- Location: Saint-Ubalde and Saint-Alban, Portneuf Regional County Municipality, Capitale-Nationale, Capitale-Nationale, Quebec, Canada
- Coordinates: 46°48′45″N 72°10′44″W﻿ / ﻿46.8125°N 72.17889°W
- Lake type: Natural
- Primary inflows: Carillon Lake
- Primary outflows: Weller River
- Basin countries: Canada
- Max. length: 2.0 km (1.2 mi)
- Max. width: 0.75 km (0.47 mi)
- Surface elevation: 149 m (489 ft)
- Islands: 7

= Sept Îles Lake (Saint-Ubalde) =

Body of water in Quebec, Canada

Lac Sept Îles is a freshwater body straddling the municipalities of Saint-Ubalde and Saint-Alban, in the Portneuf Regional County Municipality, in the administrative region of Capitale-Nationale, in the province of Quebec, Canada.

Lake Sept Îles is located entirely in the forest. From the nineteenth century, forestry has been the predominant economic activity. In the twentieth century, recreational tourism activities were highlighted. The lake surface is normally frozen from November to April. However, the period of safe circulation on the ice is usually from mid-December to the end of March.

== Geography ==
"Sept Îles Lake" is located 2.3 km southwest of Long Lake, 2.1 km south of Montauban Lake, 2.4 km south of Carillon Lake, 2.5 km east of Emerald Lake and 1.5 km north of Lac en Coeur.
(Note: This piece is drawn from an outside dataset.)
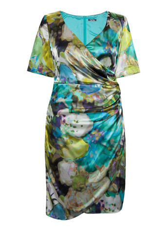 Платье отрезное по линии талии на резинке (ростяжимость 8-10 см), юбка клеш. Выполнено из легкой и прочной ткани - сатин жатый, имеет шероховато-жатую текстуру, красиво ложится по фигуре. По переду выполнен запах на пояс. Рукав втачной, одношовный, на мажете. Ширина регулируется при помощи петель на пуговицы.

The "Lac Sept Îles" supplies itself from Lac Carillon, located northwest, whose discharge of 3.5 km flows to the southeast, then to the south. This last lake drinks six small streams. A 360 m strip of land separates it with a bay on the west shore of Lac Montauban. The area north of Sept Îles Lake is marshy.

The mouth of Lac Sept Îles is located at the bottom of a bay in the far west. The lake flows into the Weller River which flows a priori for 3.2 km towards the southwest until the outlet of a small lake located upstream. Then, this river flows for one kilometer south to Lake Weller (length: 0.84 km oriented southwest) whose shape resembles a drum stick. The current crosses it almost over its full length. Then this river generally flows in an agricultural area to the south-east, then south to the Blanche River.

== Toponymy ==
The toponym "Lac Sept Îles" was formalized on December 5, 1968, at the Place Names Bank of the Commission de toponymie du Québec.